In her career, Hammond struggled with gender inequality. She would often sign her illustrations as “G. Demain Hammond” in an attempt to receive fair payment for her work. Her sister did the same thing, signing her work under “Chris Hammond” instead of Christiana. In 1892, the sisters were a part of the few female illustrators for The Idler. A year later, the magazine was taken over by Jerome K. Jerome, who stopped giving commissions to women all together. Hammond also commented on this discrimination of the time through some of her artwork. In her 1903 watercolor A Reading From Plato, Hammond depicts an aristocratic woman pondering the language of Plato, possibly contemplating philosophy, political theory, metaphysics, or other ideas that were ordinarily thought to be masculine subjects. At the time that this painting was created, British women did not have the right to vote, and would not be granted it for another 25 years.

Hammond was a British painter and a children’s book illustrator, and contributed to many works throughout her career. One children’s book she helped illustrate was Velma Bourgeois Richmond’s Shakespeare as Children's Literature: Edwardian Retellings in Words and Pictures, which aimed to make Shakespeare’s literature more accessible for children, therefore encouraging them to take an interest in the humanities and art of reading.

Gertrude’s paintings and illustrations consisted of mainly portraits, interior genre scenes, and literary subjects, all done in watercolor. She was given the opportunity to exhibit at the Royal Academy and the Royal Institute of Painters in Water-Colors where she presented Youth’s Spring-Tribute. This graphic watercolor illustrated Youth’s Spring-Tribute, from a sequence of poems, The House of Life, by Dante Gabriel Rossetti, in 1881. This watercolor was then reproduced in a publication of an Edwardian birthday book in 1905, The Beautiful Birthday Book, replicating watercolors by Hammond.

==Publications==
- The Story of Hereward - The Champion of England, novel by Douglas C. Steadman B.A., illustrated by Gertrude Demain Hammond R.I., pub. 1908 by George G. Harrap and Co.

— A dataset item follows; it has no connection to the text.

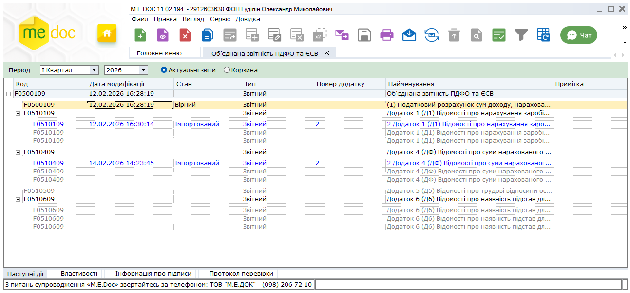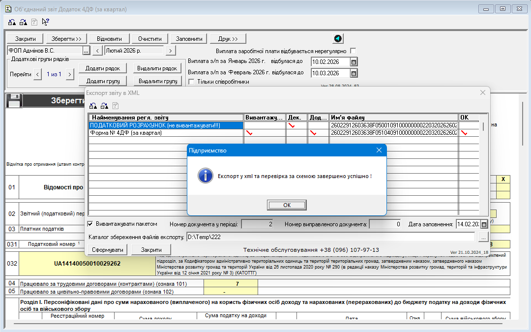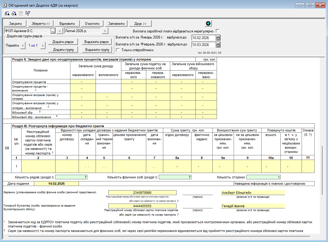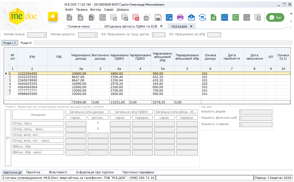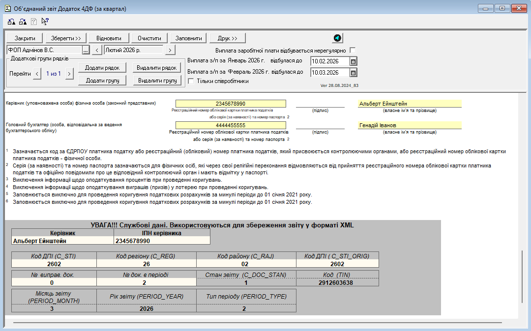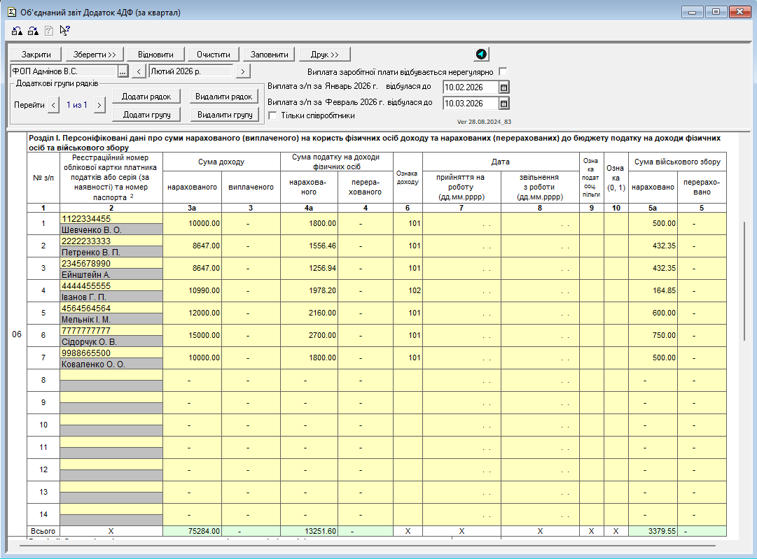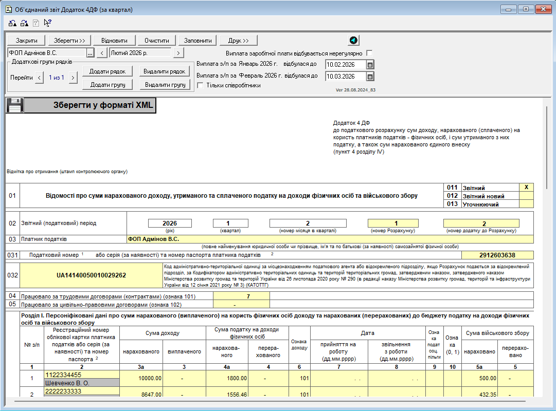Звіт «Додаток 4ДФ» (Відомості про суми нарахованого доходу, утриманого та сплаченого податку на доходи фізичних осіб та військового збору) у програмі «Бухгалтерський облік для України 7.7» — це регламентований квартальний звіт для ФОП-роботодавців. Він замінив стару форму 1ДФ і містить детальну інформацію про податкові відрахування в розрізі кожного місяця кварталу.

- Stories From The Faerie Queene Retold From Spenser, novel by Laurence H. Dawson, illustrated by Gertrude Demain Hammond, pub. 1911-1912 by McClelland & Goodchild Limited Publishers.
- Hero-Myths and Legends of the British Race, novel by M.I. Ebbutt, illustrated by J.H.F. Bacon, Gertrude Demain Hammond, W.H. Margetson, Byam Shaw, and Patten Wilson, pub. 1910 by Thomas Y. Crowell.

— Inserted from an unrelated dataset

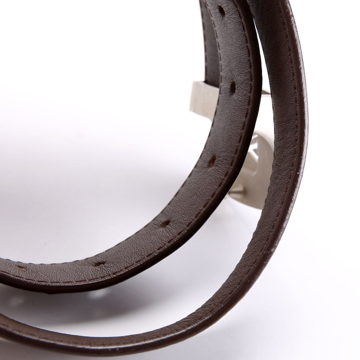 Hardware: The buckle operates properly. It shows light staining.

- Jasper: A Story for Children, novel by Mrs. Molesworth, illustrated by Gertrude Demain Hammond, pub. 1906 by London: Macmillan and Co.
- The Spell, novel by William Dana Orcutt, illustrated by Gertrude Demain Hammond, pub. 1909 by Harper & Brothers Publishers.
- Tales From Shakespeare, novel by Charles Lamb and Mary Lamb, illustrated by Gertrude Demain Hammond, pub. 1878 by New York: Thomas Y. Crowell.
- Arethusa, novel by F. Marion Crawford, illustrated by Gertrude Demain Hammond, pub. 1907 by New York, London, Macmillan.
- Faeries Afield, novel by Mrs. Molesworth, illustrated by Gertrude Demain Hammond, pub. 1911 by London; Macmillan and Co.
- A Girl in Springtime, novel by Jessie Mansergh, illustrated by Gertrude Demain Hammond, pub. 1897 by Blackie and Son Limited, London.
- Shakespeare’s Stories of the English Kings, novel by Thomas Thellusson, illustrated by Gertrude Demain Hammond, pub. 1912 by London: G.G. Harrap.
- Two Maiden Aunts, novel by Mary H. Debenham, illustrated by Gertrude Demain Hammond, pub. 1895 by New York: Thomas Whittaker.
- The Beautiful Birthday Book, illustrated by Gertrude Demain Hammond, pub. 1905 by A & C Black, London.
- Complete Works of George Eliot, novel by George Eliot, illustrated by Gertrude Demain Hammond and Frederick L. Stoddard, pub. 1908 by London: Postlethwaite, Taylor & Knowles, Ltd.
- The Personal History of David Copperfield, novel by Charles Dickens, illustrated by Gertrude Demain Hammond, pub. 1921 by New York : Dodd, Mead.
- Fairies of Sorts, novel by Mrs. Molesworth, illustrated by Gertrude Demain Hammond, pub. 1908 by London: Macmillan and Company.
- Dimsie Moves Up Again, story by Dorita Fairlie Bruce, illustrated by Gertrude Demain Hammond, pub. 1925 by Humphrey Milford, Oxford University Press.